Il apporte effectivement dans son regard sur les rues de Chicago la
vision du temps oriental, et dans ses scènes de rue ou de temples
japonais, le modernisme occidental et son art architectural.
On a dit de lui qu’il faisait « des haïkus en image ».
Il y a certes une sorte de narration dans ce qu’il nous montre, mais plutôt
une réflexion sur le temps, son passage, son altération, parfois malgré
tout sa permanence.
Il sait aussi bien déchiffrer l’activité urbaine des gens que tenter de lire
l’architecture des bâtiments.
Il avait suivi des cours d’architecture avant de se consacrer pleinement à
la photographie.
Et dans le traitement des volumes, le cadrage parfait, l’art des
contrastes, on reconnaît sa technique.
Que voit-on quand on regarde une photo de Yasuhiro Ishimoto ?

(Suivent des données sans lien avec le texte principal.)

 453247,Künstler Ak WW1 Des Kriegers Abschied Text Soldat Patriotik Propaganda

Des instants de vie attrapés au vol, des cris contre l’injustice faites aux
pauvres des rues, aussi bien à Chicago qu’à Tokyo, des regards tendres
vers les enfants qui jouent à se déguiser ou à jouer, des longs moments
de méditation devant les feuilles et les fleurs, les ombres errantes sur les
murs, les objets jetés après usage et qui marquent la dégradation du
temps, des papiers qui volent sous le vent des jours, des voitures
encerclées par la neige, de simples gens qui passent ou s’immobilisent
dans leur désespoir, des gens en maillot, ridicules dans leur indécence,
attablés à un bar, mais aussi la beauté inaltérable et silencieuse des
temples japonais ou des fleurs qu’il a tant aimé photographié, comme
pour les ensemencer.
Yasuhiro Ishimoto s’est aussi laissé porté par des études de formes et
de couleurs pour mieux cernés la matière et la perception que nous en
avons. Mais c’est dans des séries de clichés en noir et blanc qu’il peut le
mieux exprimer sa vision des formes.
Chez lui la composition spatiale est omniprésente, sans doute influencée
par la peinture abstraite des années 20 et 30, notamment Piet Mondrian.

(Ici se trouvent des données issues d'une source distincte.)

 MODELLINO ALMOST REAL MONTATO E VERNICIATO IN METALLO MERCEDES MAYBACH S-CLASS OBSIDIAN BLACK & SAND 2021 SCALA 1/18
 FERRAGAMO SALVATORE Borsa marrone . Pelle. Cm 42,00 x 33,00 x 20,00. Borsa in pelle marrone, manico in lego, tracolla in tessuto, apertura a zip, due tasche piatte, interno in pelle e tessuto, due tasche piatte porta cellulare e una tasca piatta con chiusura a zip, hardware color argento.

Elle est en fait proche de la définition que Walter Gropius a énoncée en
visitant à son tour dans les années 50 les constructions sacrées
japonaises :
« Tout fait appel à nos émotions parce que, là, pour une fois, la
conception architecturale a été étroitement liée à l’être humain, à son
style de vie et aux réalités de son existence ».

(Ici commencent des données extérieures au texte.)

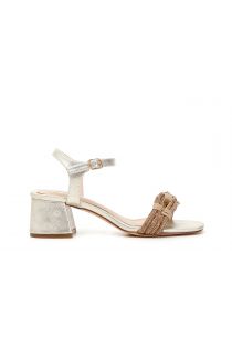 Sandalias Gilda con cinta delante de micropedrería en tacón medio.
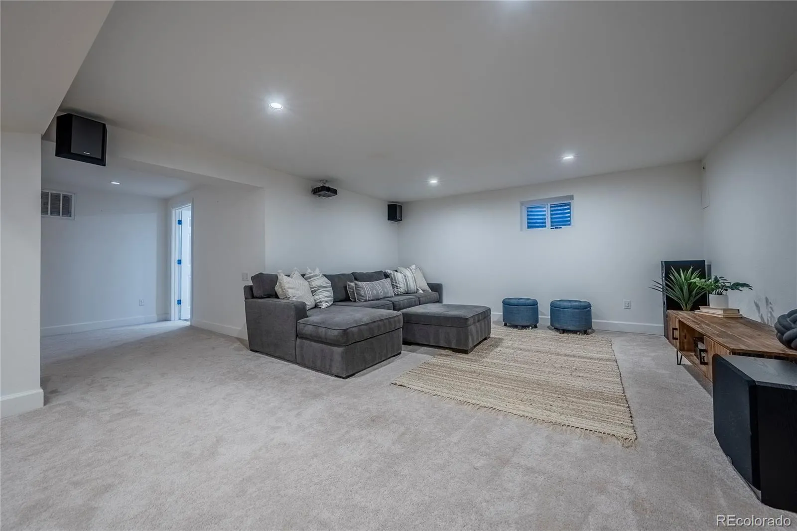 The finished basement expands the living space with a wide-open rec area, dedicated gym, bedroom, and bathroom.

Ce pourrait être la définition de l’art de Yasuhiro Ishimoto.
On a peu idée en Occident de ce que fut le choc pour les Japonais de
ces séries sur la cité impériale de Katsura. Ils redécouvraient à la fois
leur passé et une ouverture à la modernité de l’art. Ces reportages faits
à trente-deux ans lorsqu’il visite en 1953 et pour la première fois la villa
impériale de Katsura dans le sud-ouest de Kyoto seront un acte
historique. L’espace du temple et du monde seront enfin unis en
harmonie, en prolongement.
Il aura été fondateur du développement de la photographie japonaise
d’après-guerre. Il avait su allier son respect l’existence vitale de la
tradition avec la modernité. L’imbrication de la tradition japonaise dans
l’architecture moderne fait de lui un photographe unique et essentiel.
L’homme à la fois du Bauhaus et des temples a su marier l’esthétique
japonaise et sa géométrie si particulière aux recherches de Mondrian.
Pendant plus d’un demi-siècle, ce sont ses images qui ont façonné
l’imaginaire photographique japonais. Ce lien entre la plus moderne des
architectures et la plus profonde des traditions a défini la culture au
Japon dans les années 1960.
Les autoportraits des années 30 le montrent patient et ouvert dans les
rues, pour en saisir le mystère et apprivoiser ses modèles.
Le trait d’union entre toutes ses images est la douceur de son regard, le
plus souvent sans colère, qu’il porte au monde, sa « zénitude », son
empathie, et sa notion du temps non cyclique : cala a été, cela ne sera
plus.
Entre le nouveau Bauhaus découvert aux USA et l’art traditionnel pictural
japonais du sabi et du kirei-sabi, de la représentation de la beauté
mélancolique autant de la clarté des formes, l’art de Yasuhiro Ishimoto
s’est formé, développé, épanoui.
Ses personnages dans les rues sont souvent quasiment plaqués sur les
bâtiments, comme des affiches, ou de simples nombres dans la cité.
Et puis la fragilité des choses l’obsède, nuages, fleurs, objets que l’on
jette.
Un de ses plus beaux livres s’intitule « Spaces, Spirits » (Espace et
Esprits).
Cela définit bien l’art d’Ishimoto qui a su restituer l’espace et ses
mystères, les esprits et le spirituel.